Hacker News new | ask | show | jobs
by dfox 3478 days ago
I see few flaws in their approach:

The stack based virtual machine represents instructions as two field structs that are essentially predecoded (and larger in memory) while the register VM uses what boils down to array of words which are then presumably decoded at run time (the paper even contains some kind of argument why the code is represented as array of single-field structs, but completely neglects to mention what would happen if the structs contained some kind of pre-decoded instructions).

The function call mechanism of their stack based VM seems to be essentially modeled after how forth works, which is not how typical stack based VM used in implementation of languages that do not directly expose the VM semantics works. Typical stack based VM (eg. Smalltalk, JVM, CPython...) allocates new argument stack for each function invocation (often using alloca() or such, ie. on native control stack) and does not directly use the VM argument stack to pass parameters and results between functions.

2 comments

How do most stack based VM represent instructions? When I went through a phase of writing VMs, the approach I used was to represent everything with a single byte. if a "push" byte was encountered, it would scan ahead 8 more instructions and construct an int. So it had the overhead of having to decode and encode actual data, but the instruction stream was very dense.

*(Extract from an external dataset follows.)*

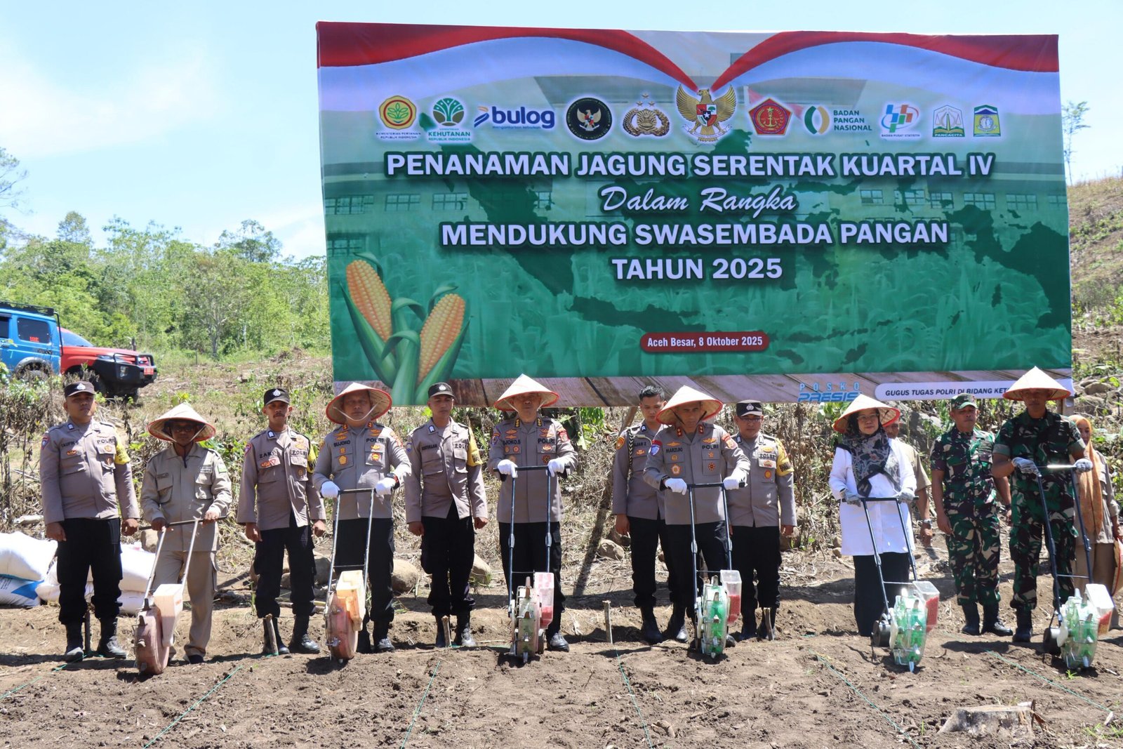 Aceh Besar,- Polres Aceh Besar kembali menunjukkan komitmennya dalam mendukung program ketahanan pangan nasional dengan melaksanakan penanaman jagung serentak kuartal lV bertempat di Desa Suka Damai Kecamatan Lembah Seulawah Kabupaten Aceh Besar, Rabu (08/10/2025)

I imagine in the real world, they use something like

    union instruction_packet {
        int64 value;
        int8[8] instructions;
    }
Which would be less space efficient (when you hit a push instruction you'd need to move to the next packet, even if it was the first element of the array) but gets rid of the decoding/encoding problem.
The JVM uses an 8-bit opcode, of which 202 are defined. Some opcodes have implicit operands (e.g., iload_1, load the first local variable as integer on the stack or iconst_m1, push -1 on the stack), while others take usually an index that's usually 1 byte (or 2 byte for jump offsets)--although there's a wide instruction that makes the next instruction use 2-byte operands instead.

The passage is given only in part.